Par contre, fort de ces informations, ce manager n'agit pas en « manager ». Il commet l'erreur « de ne rien faire », c'est-à-dire de miser sur les petits arrangements locaux pour éviter de procéder à un réel aménagement du poste. Il aurait dû :
- Changer officiellement l'horaire des pauses de Léa Prunelle ou l'autoriser à s'absenter aux moments requis par ses injections,
- Communiquer auprès de l'équipe pour que l'aménagement d'horaires soit compris.

Quelques principes de bonne conduite à retenir


En tant que manager :
Je prends en compte le handicap.
Je privilégie au maximum l'autonomie de la personne handicapée.
J'apporte mon aide...
après avoir pris quelques précautions :
- Ai-je demandé à la personne handicapée si elle souhaitait mon aide ?
- Suis-je le mieux placé pour apporter cette aide ?
- Cela relève t-il de ma compétence ?
en acceptant d'avance un refus quelles que soient les raisons qui le motivent, comme :
- La personne n'a pas besoin d'aide
- La personne est en période d'apprentissage et préfère se confronter à la difficulté
- La personne ne veut pas car elle est de mauvaise humeur Etc.
En tant que manager, je préfère aménager officiellement le poste plutôt que de compter sur les petits arrangements locaux qui, à la longue, viendront dégrader la situation.

Je respecte le rôle de chacun des acteurs internes par rapport à ce salarié.

J'adapte aussi mon comportement en fonction des contraintes liées au handicap du salarié.

Mon collaborateur va revenir dans mon équipe après un accident du travail : il est devenu handicapé

Situation puis Analyse

Henri Person : « Bernard Rivet a été victime d'un grave accident dans l'usine.
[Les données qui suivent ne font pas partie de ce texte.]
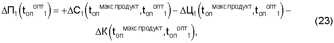 где G1(tоп макс продукт, tоп опт 1) – экономия издержек, выигрыш в стоимости энергозатрат, полученный за счет частичного снижения продуктивности поголовья или за счет некоторого уменьшения цены реализованной в будущем продукции данной технологии Ц1(tоп макс продукт, tоп опт 1), а также за счет прироста расхода корма K(tоп макс продукт, tоп опт 1) в результате перехода от управления по критерию максимума продукции с любыми затратами при значении tоп макс продукт режима наивысшей продуктивности к управлению по критерию максимума прироста прибыли при экономически оптимальном значении tоп опт управляемого параметра.

Il a dû être amputé du bras gauche. Certes, c'est de sa faute : il n'a pas respecté les consignes de sécurité. Comme souvent dans ces cas-là, il avait pris la mauvaise habitude de réparer un certain type de panne en suivant sa méthode, qu'il avait en quelque sorte avalisée par l'expérience. Quand j'étais derrière son dos, il ne le faisait pas ; je lui avais interdit. Mais quand j'étais dans mon bureau ou trop loin pour le voir...

Du fait de l'accident, on s'est bien sûr retourné contre le constructeur, qui a pu démontrer que l'accident était théoriquement peu probable mais tout de même possible. Il fallait que toute une série de coïncidences se conjuguent pour que ça arrive. Mais ça pouvait arriver. Donc il fallait respecter strictement les consignes.

Bernard est revenu lundi dernier. Nous lui avons trouvé un poste de contrôle compatible avec son handicap. C'est même une promotion pour lui : il va gagner plus d'argent. Je suis content qu'on ait trouvé cette solution.

Mais son caractère a bien changé. Son humeur est imprévisible. Parfois, je le sens irascible. J'ai l'impression qu'il en veut à la terre entière. Alors que c'est quand même de sa faute. D'autres fois, il sombre dans un abattement profond. Je ne sais plus quoi faire. J'ai envie de le bousculer pour le faire réagir. »

Analyse


Bernard Rivet, en tant que victime d'un accident, a vécu un traumatisme. Il doit se reconstruire en intégrant le changement auquel il est confronté. C'est ce que l'on appelle le cycle du deuil. Le ressentiment, la colère, voire la dépression, sont les étapes normales de la reconstitution d'une nouvelle image soi.